### Instructions for the task
For the data that follows, print the line with "The little egg", the line with "白い火山石の大きな塊をくり抜", and all lines between them, exactly as they stand. Omit pictures and add nothing.

### Extracted information
┄┄┄┄┄┄

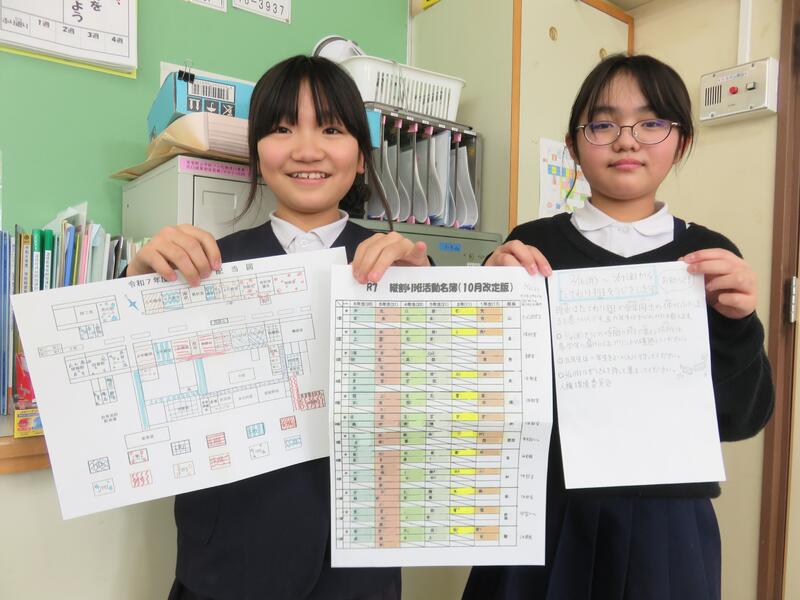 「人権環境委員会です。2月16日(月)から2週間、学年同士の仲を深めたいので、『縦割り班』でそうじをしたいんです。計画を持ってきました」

┄┄┄┄┄┄

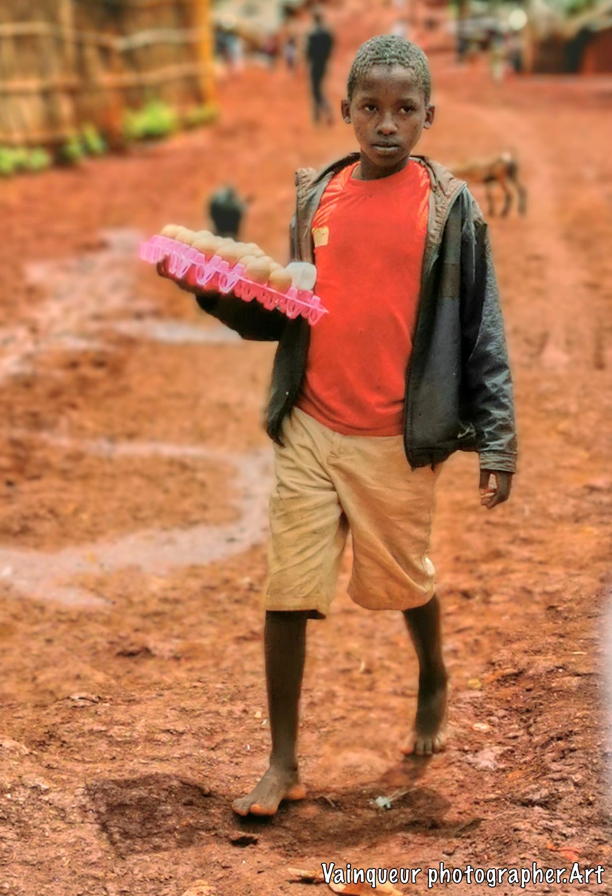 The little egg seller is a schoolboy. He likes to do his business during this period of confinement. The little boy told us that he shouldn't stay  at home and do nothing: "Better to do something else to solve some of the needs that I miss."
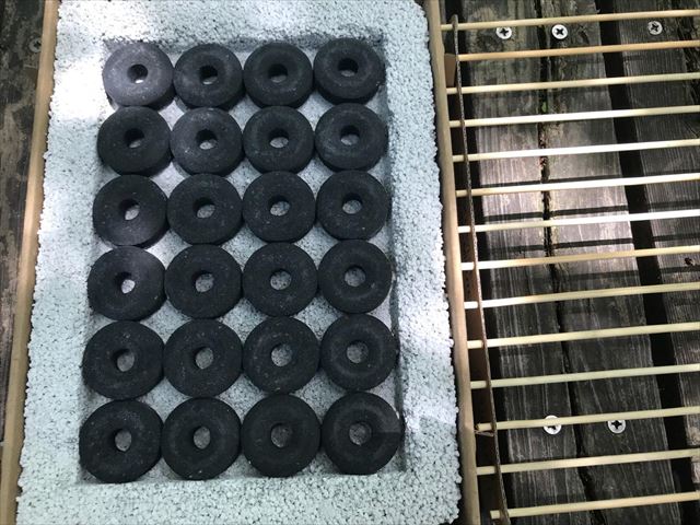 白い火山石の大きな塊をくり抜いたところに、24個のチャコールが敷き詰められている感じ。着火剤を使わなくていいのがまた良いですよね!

┄┄┄┄┄┄

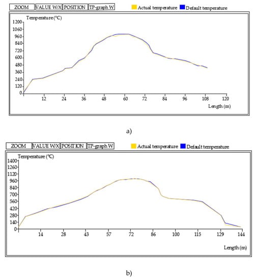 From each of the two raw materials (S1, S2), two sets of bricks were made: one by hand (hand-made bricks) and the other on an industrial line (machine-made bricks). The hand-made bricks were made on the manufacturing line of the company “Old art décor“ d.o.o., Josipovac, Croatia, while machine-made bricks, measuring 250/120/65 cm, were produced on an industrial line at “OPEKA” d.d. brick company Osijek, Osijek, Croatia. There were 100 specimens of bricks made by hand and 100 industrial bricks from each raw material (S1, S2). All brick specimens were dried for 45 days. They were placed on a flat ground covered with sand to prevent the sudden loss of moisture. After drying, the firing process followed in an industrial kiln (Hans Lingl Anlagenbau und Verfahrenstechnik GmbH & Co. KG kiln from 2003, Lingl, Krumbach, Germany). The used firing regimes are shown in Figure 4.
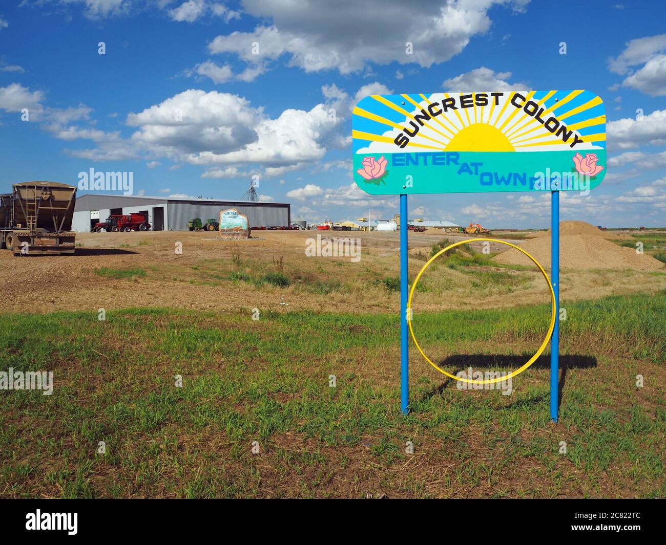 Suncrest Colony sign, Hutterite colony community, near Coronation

┄┄┄┄┄┄

### Result for this task
 The little egg seller is a schoolboy. He likes to do his business during this period of confinement. The little boy told us that he shouldn't stay  at home and do nothing: "Better to do something else to solve some of the needs that I miss."
 白い火山石の大きな塊をくり抜いたところに、24個のチャコールが敷き詰められている感じ。着火剤を使わなくていいのがまた良いですよね!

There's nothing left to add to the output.